# Mentos and Diet Coke



## mantis (Jun 4, 2006)

http://eepybird.com/dcm1.html
watch it and read the 'how does it work' part


----------



## Henderson (Jun 4, 2006)

Quite strange.  Those guys had WAY too much time on their hands to choreograph the "fountain".


----------



## bluemtn (Jun 4, 2006)

They definitely have way too much time on their hands!  Oddly enough (as a side note), I read it as "Mentors and Diet Coke"  the first time around.  I'm a bit fried right now!


----------



## Kacey (Jun 4, 2006)

I don't know about the fountain, but the basic experiment has been shown on a local news show as part of a recurring segment on science experiments - see http://www.stevespanglerscience.com/experiment/00000109 - for those (like myself) who don't have quicktime, you can see the basic experiment there as well; look down the page for the video link.


----------



## Henderson (Jun 4, 2006)

Gonna show my age here, but..... 

I think this has the potential to replace the dangerous "Pop Rocks & Coke" urban legend of my generation.


----------



## Kacey (Jun 4, 2006)

Henderson said:
			
		

> Gonna show my age here, but.....
> 
> I think this has the potential to replace the dangerous "Pop Rocks & Coke" urban legend of my generation.



Y'know, I was thinking that too... :burp:


----------



## Fluffy (Jun 7, 2006)

I'm going to try it........


----------



## desousae (Jun 7, 2006)

It is funny how Mentos took over the pop rocks in the categoy of things not to mix with coke!


----------



## Martial Tucker (Jun 7, 2006)

Fluffy said:
			
		

> I'm going to try it........




Good idea.......eat a pack of Mentos and chug a warm liter of Diet Coke!

Make sure a camera is running to record your research findings.....


----------



## OUMoose (Jun 7, 2006)

Martial Tucker said:
			
		

> Good idea.......eat a pack of Mentos and chug a warm liter of Diet Coke!
> 
> Make sure a camera is running to record your research findings.....
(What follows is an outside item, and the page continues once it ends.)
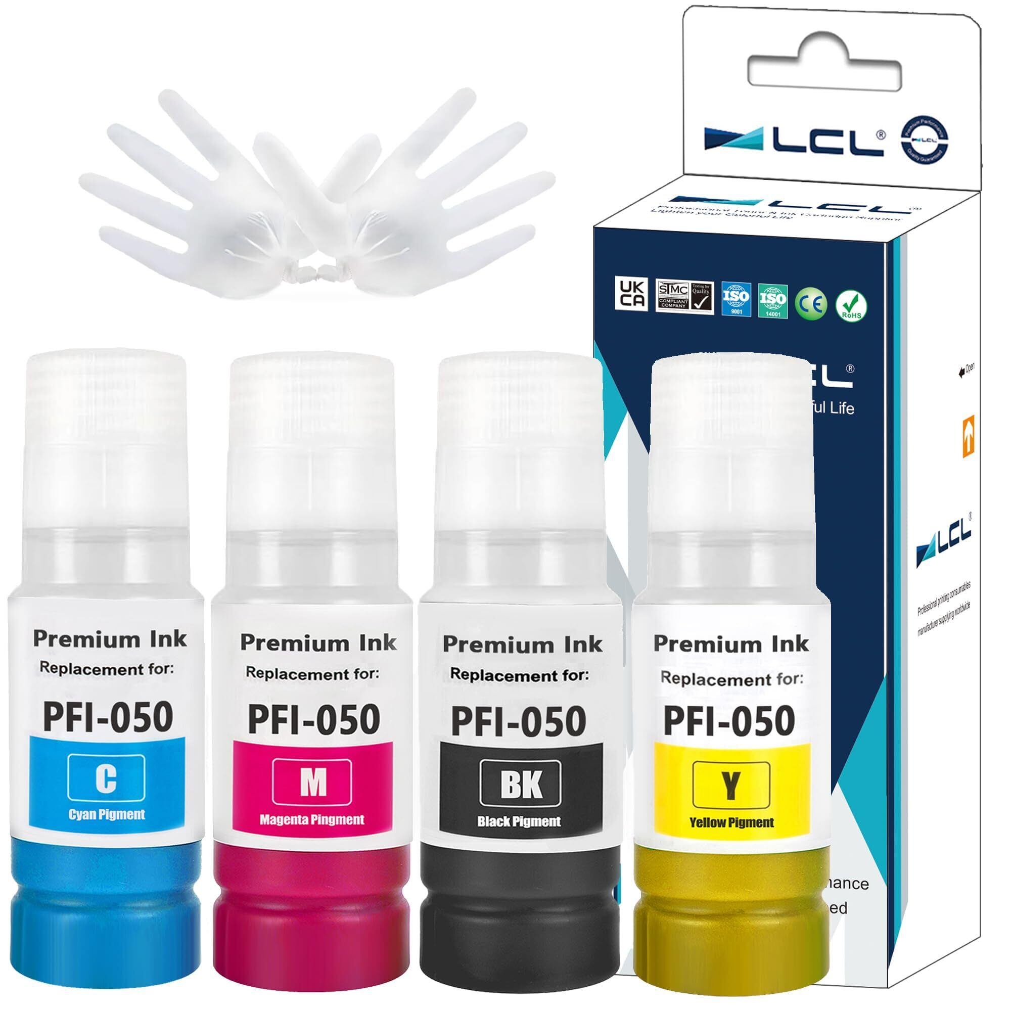 LCL Canon用 キャノン用 PFI-050 PFI-050BK PFI-050C PFI-050M PFI-050Y (4色セット ブラック シアン マゼンタ イエロー 顔料 70ML) 互換インクボトル 対応機種:Canon ImagePrograf TC-20 TC-20M

LOL.  I just want to see someone try to chug a warm ltr of Diet Coke.  That stuff is nasty!!


----------



## DavidCC (Jun 8, 2006)

My wife will be out of town all day tomorrow and you KNOW this will be tried in my back yard!!!!


----------



## TimoS (Nov 20, 2006)

[gv]-274981837129821058[/gv]

Extreme Mentos & Diet Coke experiments


----------



## bydand (Nov 20, 2006)

2 years ago my sons pre-school theacher did this in their classroom.  Quite impressive, and messy.  She had see it at a teachers convention attended during the summer as a way to introduce real small kids to science.


----------



## exile (Nov 20, 2006)

Briliant stuff...

... now the obvious question is, how can someone make a _weapon_ out of it?


----------



## TimoS (Nov 20, 2006)

exile said:


> Briliant stuff...
> 
> ... now the obvious question is, how can someone make a _weapon_ out of it?



Next thing to be banned on airlines: Mentos :bomb:


----------